For historical reasons, if RUSTUP_LOG is not set, this subscriber will print the log lines in a format that mimics the “legacy” stderr output in older versions of rustup:

> rustup default stable
info: using existing install for 'stable-aarch64-apple-darwin'
info: default toolchain set to 'stable-aarch64-apple-darwin'

  stable-aarch64-apple-darwin unchanged - rustc 1.79.0 (129f3b996 2024-06-10)

However, once RUSTUP_LOG is set to any value, rustup’s “custom logging mode” will be activated, and tracing_subscriber’s builtin output format will be used instead:

> RUSTUP_LOG=trace rustup default stable
2024-06-16T12:08:48.732894Z  INFO rustup::cli::common: using existing install for 'stable-aarch64-apple-darwin'
2024-06-16T12:08:48.739232Z  INFO rustup::cli::common: default toolchain set to 'stable-aarch64-apple-darwin'

  stable-aarch64-apple-darwin unchanged - rustc 1.79.0 (129f3b996 2024-06-10)

Please note that since RUSTUP_LOG=trace essentially accepts log lines from all possible sources, you might sometimes see log lines coming from rustup’s dependencies, such as hyper_util in the following example:

> RUSTUP_LOG=trace rustup update
[..]
2024-06-16T12:12:45.569428Z TRACE hyper_util::client::legacy::client: http1 handshake complete, spawning background dispatcher task
2024-06-16T12:12:45.648682Z TRACE hyper_util::client::legacy::pool: pool dropped, dropping pooled (("https", static.rust-lang.org))

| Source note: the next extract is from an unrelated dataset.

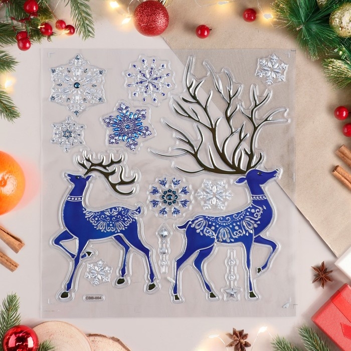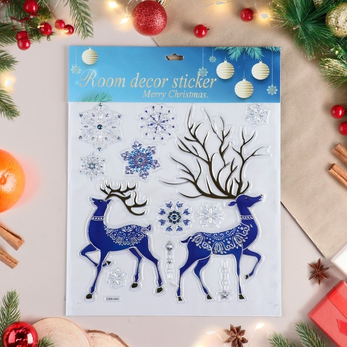 Наклейки на окна "Новогодние" пара оленей, 38х30 см

   stable-aarch64-apple-darwin unchanged - rustc 1.79.0 (129f3b996 2024-06-10)
  nightly-aarch64-apple-darwin unchanged - rustc 1.81.0-nightly (3cf924b93 2024-06-15)

2024-06-16T12:12:45.693350Z  INFO rustup::cli::rustup_mode: cleaning up downloads & tmp directories

It is also possible to limit the sources of the log lines and the desired max level for each source. For example, set RUSTUP_LOG=rustup=DEBUG to receive log lines only from rustup itself with a max verbosity of DEBUG.

Opentelemetry tracing

The feature otel can be used when building rustup to turn on Opentelemetry tracing with an OLTP GRPC exporter.

This can be very useful for diagnosing performance or correctness issues in more complicated scenarios.

The normal OTLP environment variables can be used to customise its behaviour, but often the simplest thing is to just run a Jaeger docker container on the same host:

docker run -d --name jaeger   -e COLLECTOR_ZIPKIN_HOST_PORT=:9411   -e COLLECTOR_OTLP_ENABLED=true   -p 6831:6831/udp   -p 6832:6832/udp   -p 5778:5778   -p 16686:16686   -p 4317:4317   -p 4318:4318   -p 14250:14250   -p 14268:14268   -p 14269:14269   -p 9411:9411   jaegertracing/all-in-one:latest

Then build rustup-init with tracing:

cargo build --features=otel

Run the operation you want to analyze. For example, we can now run rustup show with tracing:

RUSTUP_FORCE_ARG0="rustup" ./target/debug/rustup-init show

And look in Jaeger for a trace.

Tracing can also be used in tests to get a trace of the operations taken during the test. To use this feature, build the project with --features=otel,test.

Adding instrumentation

Instrumenting a currently uninstrumented function is mostly simply done like so:

#![allow(unused)]
fn main() {
#[tracing::instrument(level = "trace", err(level = "trace"), skip_all)]
}

Sometimes you might want to instrument a function only when the otel feature is enabled. In this case, you will need to use conditional compilation with cfg_attr:

#![allow(unused)]
fn main() {
#[cfg_attr(feature="otel", tracing::instrument(level = "trace", err(level = "trace"), skip_all))]
}

skip_all is not required, but some core structs don’t implement Debug yet, and others have a lot of output in Debug: tracing adds some overheads, so keeping spans lightweight can help avoid frequency bias in the results - where parameters with large debug in frequently called functions show up as much slower than they are.

Some good general heuristics:

• Do instrument slow blocking functions
• Do instrument functions with many callers or that call many different things, as these tend to help figure the puzzle of what-is-happening
• Default to not instrumenting thin shim functions (or at least, only instrument them temporarily while figuring out the shape of a problem)
• Be way of debug build timing - release optimisations make a huge difference, though debug is a lot faster to iterate on. If something isn’t a problem in release don’t pay it too much heed in debug.